╔══
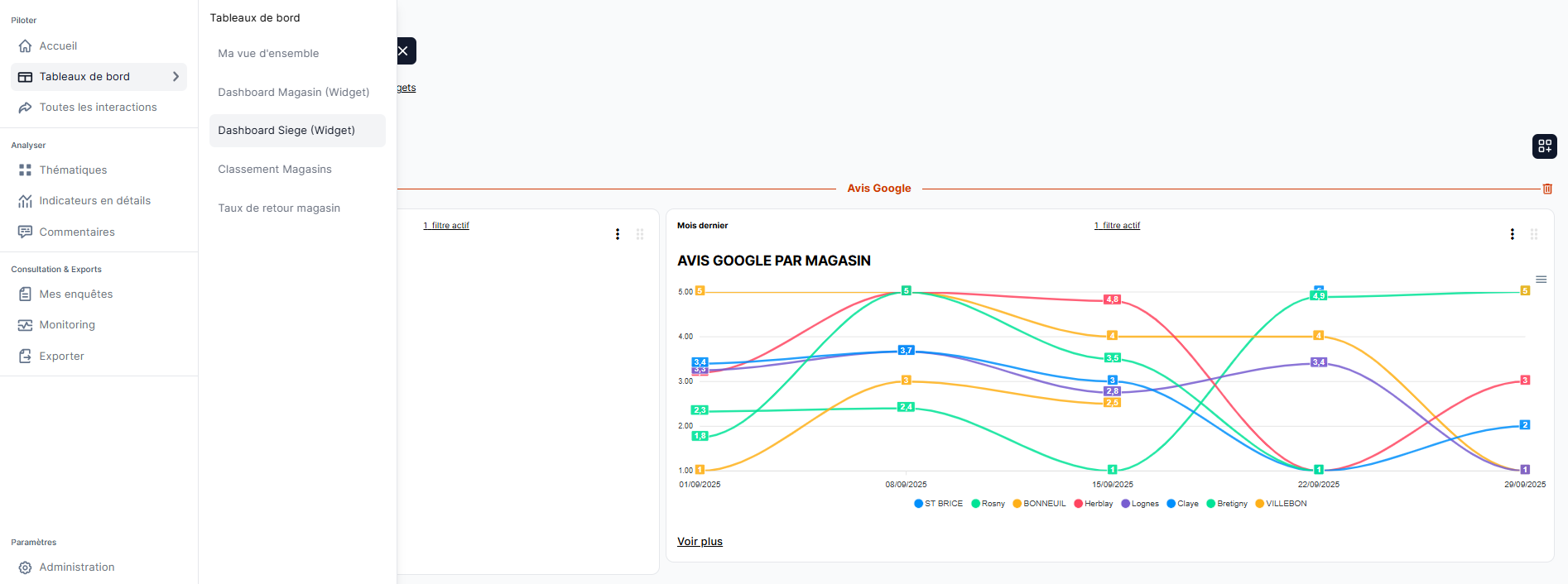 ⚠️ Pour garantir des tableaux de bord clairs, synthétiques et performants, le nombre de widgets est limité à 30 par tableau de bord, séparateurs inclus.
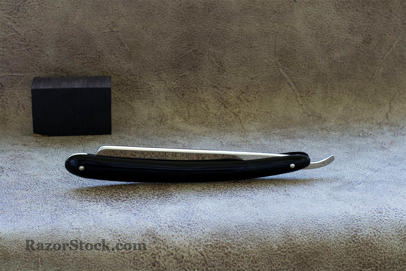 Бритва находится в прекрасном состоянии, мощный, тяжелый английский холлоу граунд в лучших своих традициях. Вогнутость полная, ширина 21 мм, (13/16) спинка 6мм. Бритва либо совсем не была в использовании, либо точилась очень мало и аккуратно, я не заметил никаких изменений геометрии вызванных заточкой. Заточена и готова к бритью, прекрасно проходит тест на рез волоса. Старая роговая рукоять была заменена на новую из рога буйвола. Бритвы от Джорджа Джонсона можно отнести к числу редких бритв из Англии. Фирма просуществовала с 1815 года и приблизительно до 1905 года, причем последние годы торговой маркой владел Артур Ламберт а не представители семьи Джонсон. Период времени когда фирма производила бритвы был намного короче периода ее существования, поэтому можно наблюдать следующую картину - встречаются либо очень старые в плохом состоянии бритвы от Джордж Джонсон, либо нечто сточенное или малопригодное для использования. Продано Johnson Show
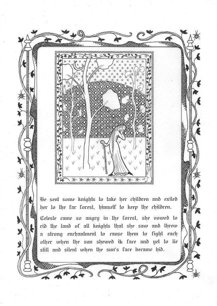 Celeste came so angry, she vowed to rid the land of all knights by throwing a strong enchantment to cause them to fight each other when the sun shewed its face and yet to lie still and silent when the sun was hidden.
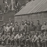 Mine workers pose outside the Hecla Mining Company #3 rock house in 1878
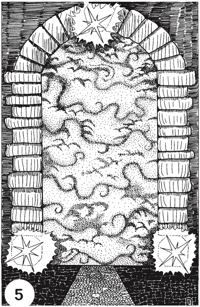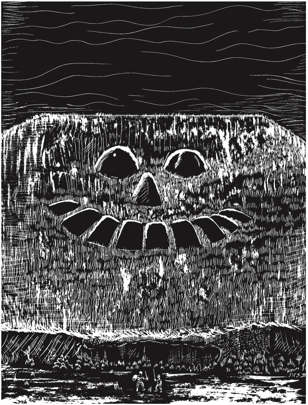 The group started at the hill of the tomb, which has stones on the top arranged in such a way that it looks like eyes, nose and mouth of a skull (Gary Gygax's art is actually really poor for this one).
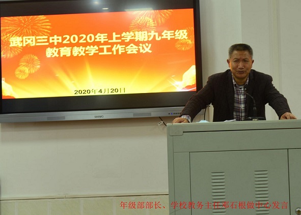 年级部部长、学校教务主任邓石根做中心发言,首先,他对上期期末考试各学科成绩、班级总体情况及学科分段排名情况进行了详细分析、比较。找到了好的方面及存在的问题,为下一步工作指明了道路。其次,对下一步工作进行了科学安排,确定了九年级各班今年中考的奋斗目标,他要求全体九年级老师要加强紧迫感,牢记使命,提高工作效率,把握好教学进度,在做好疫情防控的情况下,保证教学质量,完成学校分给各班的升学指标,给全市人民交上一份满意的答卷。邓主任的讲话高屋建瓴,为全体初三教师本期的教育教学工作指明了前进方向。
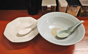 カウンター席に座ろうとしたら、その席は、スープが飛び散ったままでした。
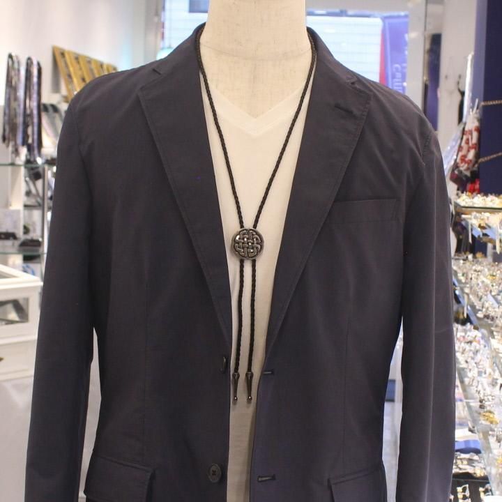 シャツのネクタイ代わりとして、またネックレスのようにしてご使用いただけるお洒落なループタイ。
╚══
- DESCRIPTION OF THE TASK:
Retype, word for word, only the lines from the line with "年级部部长、学校教务主任邓石" to the final line of the listing above; the pictures do not belong in the copy.

- SOLUTION TO THIS TASK:
 年级部部长、学校教务主任邓石根做中心发言,首先,他对上期期末考试各学科成绩、班级总体情况及学科分段排名情况进行了详细分析、比较。找到了好的方面及存在的问题,为下一步工作指明了道路。其次,对下一步工作进行了科学安排,确定了九年级各班今年中考的奋斗目标,他要求全体九年级老师要加强紧迫感,牢记使命,提高工作效率,把握好教学进度,在做好疫情防控的情况下,保证教学质量,完成学校分给各班的升学指标,给全市人民交上一份满意的答卷。邓主任的讲话高屋建瓴,为全体初三教师本期的教育教学工作指明了前进方向。
 カウンター席に座ろうとしたら、その席は、スープが飛び散ったままでした。
 シャツのネクタイ代わりとして、またネックレスのようにしてご使用いただけるお洒落なループタイ。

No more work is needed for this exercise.